I’ve always been intrigued by tall buildings. My neck still hurts from looking up all the time. My city of Winnipeg has 700,000 people, so it’s not small. Our tallest buildings are about 30 stories and 400 feet tall. But the Doubletree Hotel at Times Square where we were staying was 43 stories and 470 feet tall - and it is listed as the 180′th tallest building in New York!

The cabs are something else. All yellow and 80% of the traffic. A $12 cab ride is like an amusement park ride reaching speeds of 60 mph and g-forces of a jet airplane. Every block has a Starbucks and a McDonalds.

Museums, Shopping, Empire State Building, Statue of Liberty, Central Park, Broadway Shows, Wow!

We had a great time.

Benchmarks for the Beta - Thu, 20 Aug 2009

I’ve done enough improvements to at least get Behold to have acceptable performance for most GEDCOMs. The fact that I was loading the entire file into Richview was the main problem. Now that Behold only loads the viewing area and a small buffer into Richview, it’s a lot faster and uses much less memory.

I have a 24 MB GEDCOM with 100,000 people and a million lines that I like to use for my benchmark tests. Here’s what happened:

In the last alpha version, it took 116 seconds to load and ate up 994 MB of RAM.

The upcoming beta version takes 15 seconds to load and 230 MB of RAM.

That’s an 87% improvement in speed and 77% improvement in memory use.

In addition, certain operations that were slow before, such as resizing the window that took 25 seconds to complete, now happen instantly.

By comparison, the fastest program alive: GenViewer Lite takes just under a second to load this file, and uses 55 MB of RAM. These values will be hard for Behold to ever reach, because GenViewer is only a viewer, whereas Behold is loading the data so it can be edited.

But the current set of improvements should make Behold among the fastest programs, and eliminate the major performance problems for large files that Behold’s alpha has had. I have to thank Tamura Jones for persistently nagging me about this. I apologise that it has taken so long. I hope you’ll be pleased with the performance of Behold when you try the beta.

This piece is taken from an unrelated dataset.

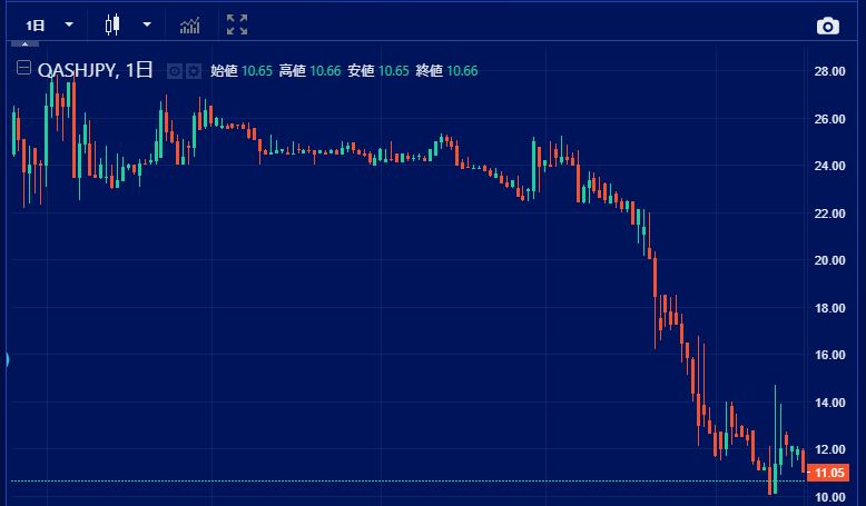 さらにその半値まで落ちることも多いので、QASHなら5.5円どころ・・

And it will rate right up there with the top programs speed-wise,* loading at 6500 INDI’s per second on my computer. Comparing the GenViewer loading speed that Tamura reports, it seems that Tamura’s testing computer was only 40% as fast as mine, so Behold should place at about 2600 INDI’s per second on Tamura’s analysis.

I know there are some major data structure and processing inefficiencies that are still with Behold. I did testing back in November and found I was able to get Behold to load data in times approaching that of GenViewer. To retain all of Behold’s functionality, I won’t be able to get all those gains. But in time, I expect that I’ll be able to get an additional 3 times speedup (about the speed of Legacy Charting) with half the memory use (about 5 KB per INDI).

This time, Tamura, I hope I won’t disappoint* this time.

* Note: Internet Explorer cannot view Tamura’s xhtml pages. Try a different browser.